MANILA, Philippines—Over a thousand unresolved human rights cases may now be resolved following President Gloria Macapagal-Arroyo’s signing of the Anti-torture Law early this week.
Republic Act 9745, or the Anti-Torture Act of 2009, criminalizes “torture and other cruel, inhuman and degrading treatment or punishment.”
The new statute also put emphasis on the command responsibility of superiors over the acts committed by their subordinates.
In a statement on Saturday, Senator Francis Escudero urged torture victims and their heirs to use the law to seek justice.
“This development is a significant milestone in our efforts to address this country’s human rights violations, particularly the use of torture by agents of government,” said Escudero, the law's principal author and chair of the Senate committee on justice and human rights.
Numerous cause-oriented groups and organizations have documented hundreds of cases where members of left-leaning political groups and the clergy as well as outspoken activists and journalists were either kidnapped or killed since 2001.
More than 1,000 cases of torture have also been recorded, said Escudero.
A number of cases of extrajudicial killings, torture and harassment have been blamed on the police and the military, but families of victims have complained that no one has been prosecuted yet.
“Clean up your act,” said Escudero, urging the Arroyo administration to resolve these human rights violations that have cropped up in the last eight years.
Escudero said that his colleagues in the House of Representatives and the Senate committee on justice, as well as human rights and people’s organizations, also played an important part in having the bill made into law.
He noted that for years, the bill had languished in the legislative mill although the Philippines was a signatory to the United Nations Convention Against Torture and other Cruel, Inhuman or Degrading Treatment or Punishment.
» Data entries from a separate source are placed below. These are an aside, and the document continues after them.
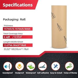 The KILMAT 80 mil 36 sqft Car Sound Deadening Mat is a highly efficient product for those seeking to reduce noise and improve insulation in their vehicles. With an 80 mil thickness, it promises to deliver enhanced sound insulation, as thicker materials generally offer better performance. The product is made of butyl and aluminum, ensuring durability and effective soundproofing. One of the key strengths is its self-adhesive nature, making it user-friendly and suitable for DIY installations. The special embossing on the foil helps users ensure proper installation, which is a thoughtful feature for non-professionals.
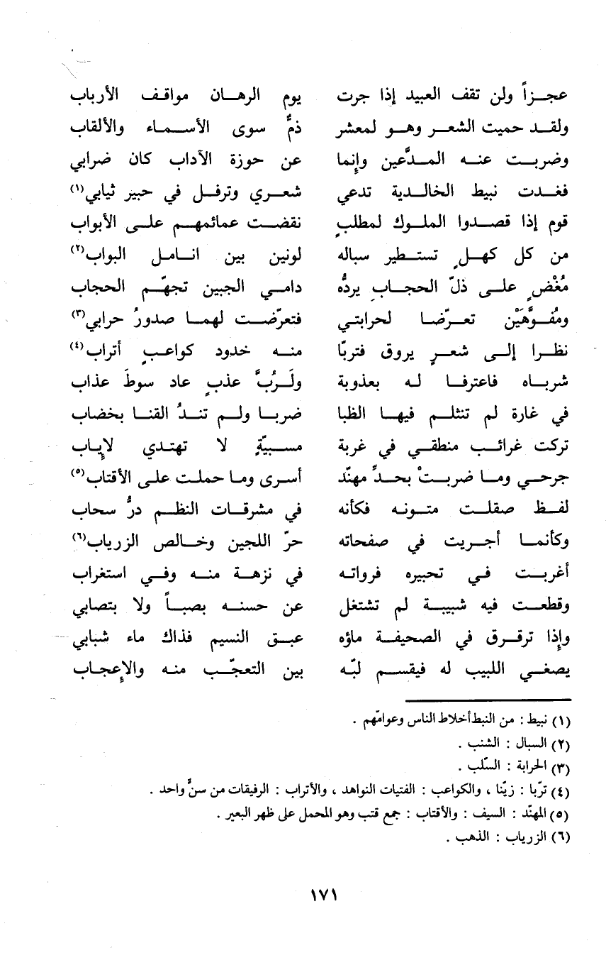 (فغدت نبيط الخالدية تَدعِي ... شعري وترفل فِي حبير ثِيَابِي)
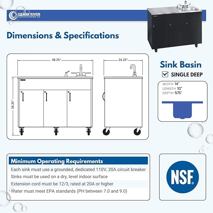 - NSF-Certified – Stay handwashing code-compliant with this NSF-certified, portable handwashing sink with hot water. Get food and medical-safety grade hot and cold water anywhere you need it. Simply plug in this self contained sink and say goodbye to code compliance questions and costs
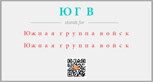 英文缩略词“ЮГВ”经常作为“Южная группа войск”的英文缩写来使用,中文表示:“Южная группа войск”。本文将详细介绍英文缩写词ЮГВ所代表英文单词,其对应的中文拼音、详细解释以及在英语中的流行度。此外,还有关于缩略词ЮГВ的分类、应用领域及相关应用示例等。

The measure actually took 22 years in Congress before it was passed.
“The enactment of R.A. 9745 is a concrete step towards fulfilling our commitment to an agreement we signed over two decades ago. More importantly, this law now gives our people another shield against human rights abuses,” said Escudero.
The senator said that from the dawn of Martial Law to this very day, many Filipinos have suffered because of their political beliefs.
“Under this administration alone, political activists have been tortured and have had to seek the protection of our courts against these abuses. With this new law on their side, the hope is that this will pave the way for the conviction and imprisonment of their perpetrators, and discourage those planning to use it,” he said.
Press Secretary Cerge Remonde had said that the signing of the anti-torture bill was “a concrete demonstration of this administration's commitment to human rights."
Under the law, the Commission on Human Rights will see through its implementation and, together with the Department of Justice and in consultation with human rights groups, it will draft the implementing rules and regulations.
The law prescribes penalties up to life imprisonment for torture.
The law defines torture as acts consisting of systematic beating, food deprivation, electric shock, cigarette burning, rape, among others. Mental and psychological torture, meanwhile, refers to acts such as blindfolding, prolonged interrogation, maltreating a member or members of a person's family, and denial of sleep, among others.
Wars, political instability and other public emergencies could not be invoked as a justification for torture and other cruel, inhuman and degrading forms of treatment or punishment, it says.